--- START ---
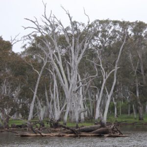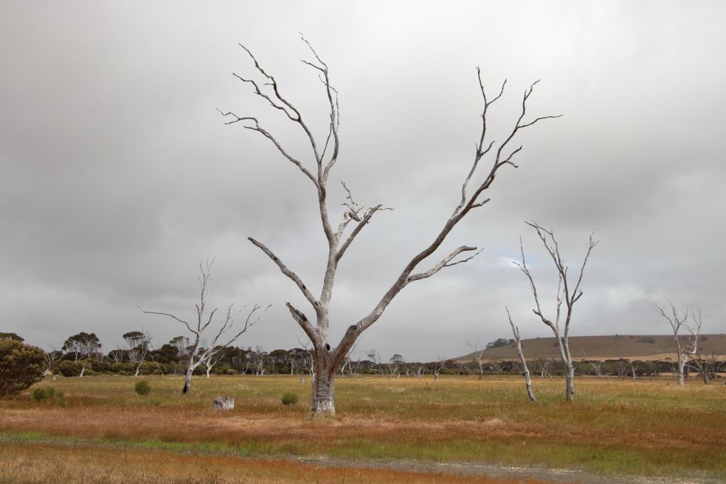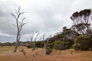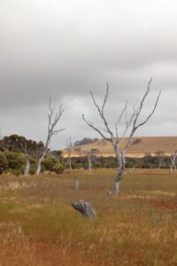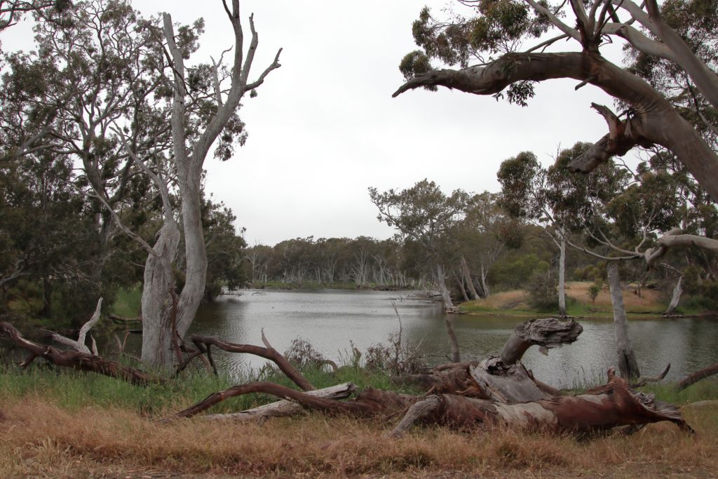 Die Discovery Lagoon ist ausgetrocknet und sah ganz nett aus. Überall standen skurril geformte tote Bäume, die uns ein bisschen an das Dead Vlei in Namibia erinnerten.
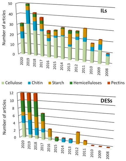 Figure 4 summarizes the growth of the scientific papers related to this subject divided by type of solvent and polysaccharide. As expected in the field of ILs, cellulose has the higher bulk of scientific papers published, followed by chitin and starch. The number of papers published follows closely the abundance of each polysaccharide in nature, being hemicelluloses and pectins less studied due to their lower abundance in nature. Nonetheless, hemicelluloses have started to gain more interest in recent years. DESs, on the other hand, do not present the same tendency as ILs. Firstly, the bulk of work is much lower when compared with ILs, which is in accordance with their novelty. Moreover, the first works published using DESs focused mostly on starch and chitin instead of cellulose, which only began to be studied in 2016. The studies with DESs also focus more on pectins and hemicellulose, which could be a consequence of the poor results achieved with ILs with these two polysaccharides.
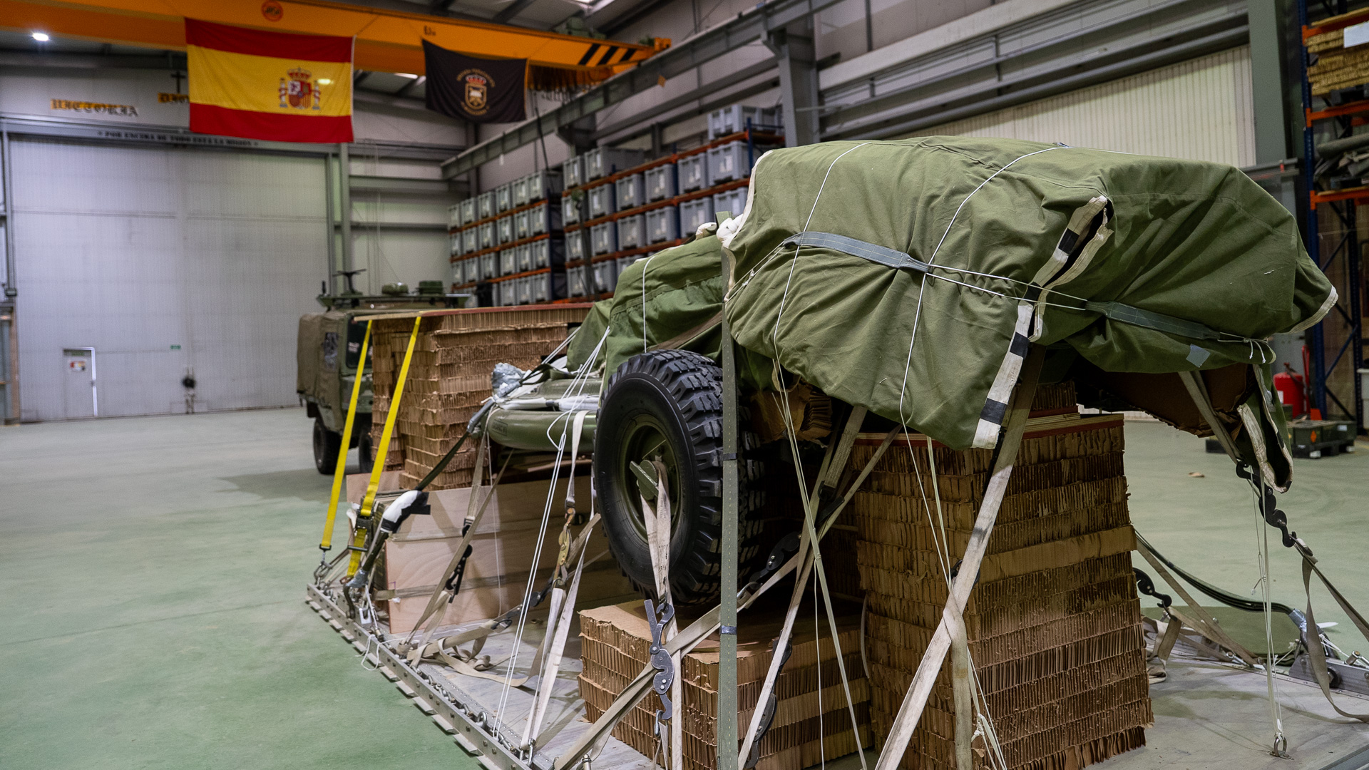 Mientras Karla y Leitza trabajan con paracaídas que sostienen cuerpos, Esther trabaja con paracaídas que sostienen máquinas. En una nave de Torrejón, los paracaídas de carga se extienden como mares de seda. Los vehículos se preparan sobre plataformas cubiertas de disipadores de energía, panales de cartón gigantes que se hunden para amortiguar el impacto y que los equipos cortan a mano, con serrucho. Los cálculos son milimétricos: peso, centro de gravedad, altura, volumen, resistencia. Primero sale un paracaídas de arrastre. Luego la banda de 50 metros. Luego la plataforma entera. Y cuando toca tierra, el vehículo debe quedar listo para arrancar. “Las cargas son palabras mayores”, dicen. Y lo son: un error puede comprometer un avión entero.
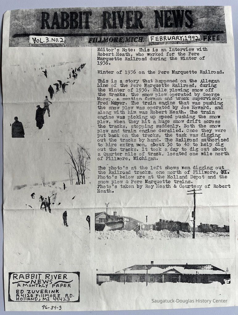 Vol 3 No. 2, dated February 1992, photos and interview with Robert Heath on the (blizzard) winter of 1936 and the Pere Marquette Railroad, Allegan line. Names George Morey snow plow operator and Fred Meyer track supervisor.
--- END ---
--- START ---
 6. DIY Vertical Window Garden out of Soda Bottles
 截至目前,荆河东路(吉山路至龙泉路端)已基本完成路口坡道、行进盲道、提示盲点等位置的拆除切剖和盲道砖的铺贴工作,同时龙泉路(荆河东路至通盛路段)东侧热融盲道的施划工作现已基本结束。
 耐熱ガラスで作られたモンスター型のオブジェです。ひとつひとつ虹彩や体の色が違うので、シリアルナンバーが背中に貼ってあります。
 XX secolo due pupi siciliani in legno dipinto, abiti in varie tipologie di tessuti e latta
--- END ---
--- START ---
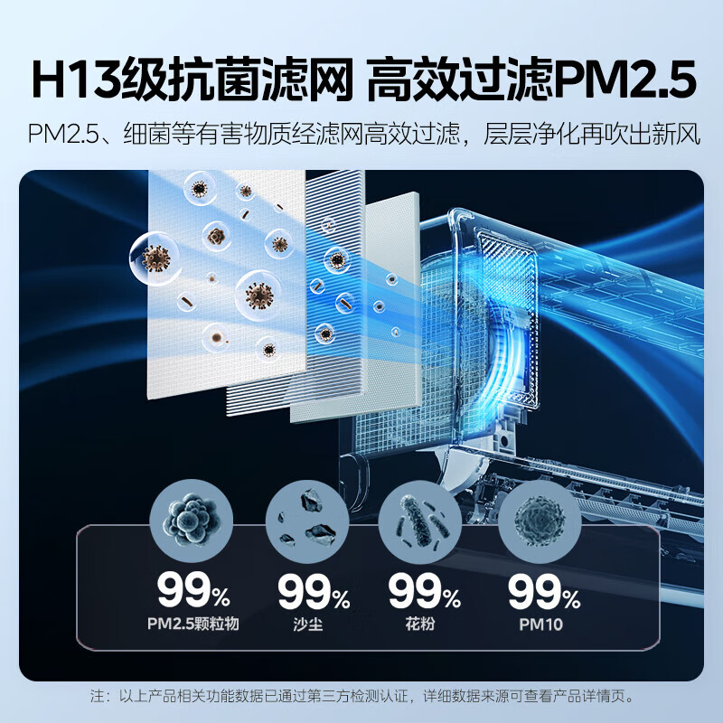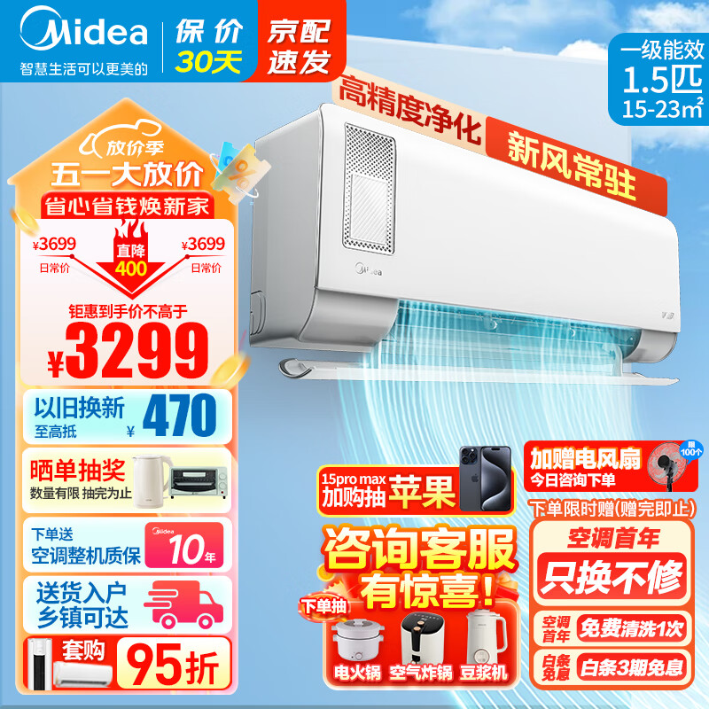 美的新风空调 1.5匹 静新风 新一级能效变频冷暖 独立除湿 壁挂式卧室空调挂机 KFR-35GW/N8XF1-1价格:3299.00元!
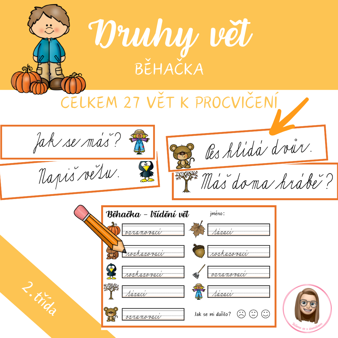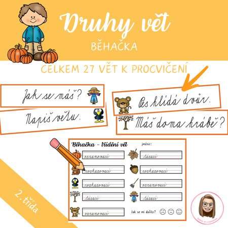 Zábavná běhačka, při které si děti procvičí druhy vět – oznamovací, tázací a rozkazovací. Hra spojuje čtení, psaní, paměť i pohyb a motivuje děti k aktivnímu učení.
--- END ---
• Instructions to follow:
Please give back exactly the lines of this listing beginning at the line with "耐熱ガラスで作られたモンスタ" and ending with the line with "XX secolo due", both included, and nothing else.

• Output for this task:
 耐熱ガラスで作られたモンスター型のオブジェです。ひとつひとつ虹彩や体の色が違うので、シリアルナンバーが背中に貼ってあります。
 XX secolo due pupi siciliani in legno dipinto, abiti in varie tipologie di tessuti e latta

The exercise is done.